Na manhã desta terça-feira (20), a Polícia Civil do Rio Grande do Sul deflagrou a Operação Bunkers, uma ação simultânea contra duas organizações criminosas que utilizavam condomínios populares em Canoas como bases fortificadas para crimes como tráfico de drogas, homicídios, extorsão e cárcere privado.
Com mandados cumpridos em duas frentes — a 3ª e a 1ª Delegacias de Polícia (DP) de Canoas —, a operação expôs a complexidade de esquemas que mantinham moradores reféns do medo e de estruturas paralelas de poder.
Condomínios como “flak towers” do crime
Inspirados nas torres de defesa antiaérea alemãs da Segunda Guerra, os chamados “bunkers” em Canoas serviam como redutos quase impenetráveis.
Dois condomínios, em lados opostos da cidade, eram controlados por facções rivais: uma aliada a grupos do Vale do Rio dos Sinos (Novo Hamburgo e São Leopoldo) e outra com ramificações em Porto Alegre.
Ambos replicavam um modelo de domínio territorial que incluía controle de serviços internos, extorsão e até empresas de fachada para lavagem de dinheiro.

Bunker I: o império do tráfico e da lavagem
Coordenada pela delegada Luciane Bertoletti, da 3ª DP, a primeira fase da operação mirou um condomínio com mais de 4.800 residentes. Foram cumpridos 57 mandados (preventivas, buscas e bloqueio de contas), desarticulando uma rede que atuava há mais de um ano.
: Controle total: Os criminosos comandavam não apenas o tráfico intramuros, mas também empresas de limpeza, vigilância e uma imobiliária suspeita. Líderes presos continuavam a operar de dentro do sistema prisional.
: Lavagem sofisticada: Fragmentação de transferências, contas em múltiplos bancos e transações acima da capacidade financeira dos investigados mascaravam o dinheiro do tráfico. “Eles usavam contas de ‘laranjas’ sem profissão conhecida”, explicou Bertoletti.
: Hierarquia rigorosa: Membros tinham funções específicas, de logística a embalagem de drogas, comunicando-se via aplicativos criptografados.

Bunker II: cárcere, retaliação e guerra ao estado
Já a 1ª DP, sob o comando do delegado Marco Guns, investigou um caso chocante de cárcere privado em outro condomínio. Em dezembro de 2024, uma mulher e seus dois filhos (um deles autista) foram sequestrados por cinco homens armados, a mando de líderes faccionais presos.
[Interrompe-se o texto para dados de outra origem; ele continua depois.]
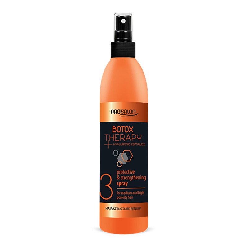 Антиэйджинговый спрей для волос Prosalon - нежный двухфазовый спрей для использования на влажные или сухие волосы. Не смываемый. Легкая формула на утяжеляет волосы. Обогащенный гиалуроновой кислотой, которая эффективно увлажняет пересушенные и распушенные волосы, а так же препятствует потере влаги в течение дня. Фильтр УФ защищает волосы от вредного воздействия внешних факторов окружающей среды, потускнения и выгорания цвета.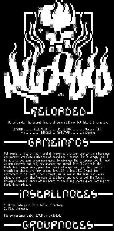 | FiLENAME: | Borderlands.The.Secret.Armory.of.General.Knoxx.DLC-RELOADED.rar |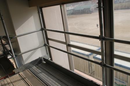 武里南小では、体育館天井の耐震工事を12月始めから1月末まで行っているため、

O motivo: vingança contra um ex-aliado que mudou de facção.
: Terror doméstico: A vítima relatou que os criminosos invadiram seu apartamento, trancaram as crianças e monitoraram o cativeiro por videoconferência. Apenas após cinco dias, conseguiu negociar a liberdade alegando mudança de estado.
: Ataque à polícia: Dias depois, o mesmo condomínio foi palco de um confronto entre PMs e moradores, que rechaçaram as viaturas com tiros e fogos de artifício. Onze carros foram incendiados em retaliação.
: Domínio paralelo: “O local é uma mina de ouro para o tráfico. Os moradores pagam taxas arbitrárias e veem armas e drogas circularem livremente”, disse Guns.

Prisões e bloqueio financeiro
Ao todo, sete presos foram capturados na operação, além do bloqueio de recursos financeiros e apreensão de provas. O diretor da 2ª Delegacia Regional, Cristiano Reschke, destacou o padrão das facções: líderes presos ditavam ordens de dentro das penitenciárias, enquanto empresas de fachada lavavam milhões.
Um dos alvos investigados vivia em uma casa fortificada: muros altos com concertina, câmeras, cães pitbull e paredes reforçadas com chapas de aço. “Isso mostra o nível de preparo para desafiar o Estado”, acrescentou Reschke.
A operação revelou um cenário de medo e silêncio: moradores eram coagidos a não denunciar, seja por ameaças ou por benefícios ilícitos. Para as autoridades, porém, o desmantelamento é só o início. “Queremos devolver a normalidade a essas comunidades”, afirmou Bertoletti.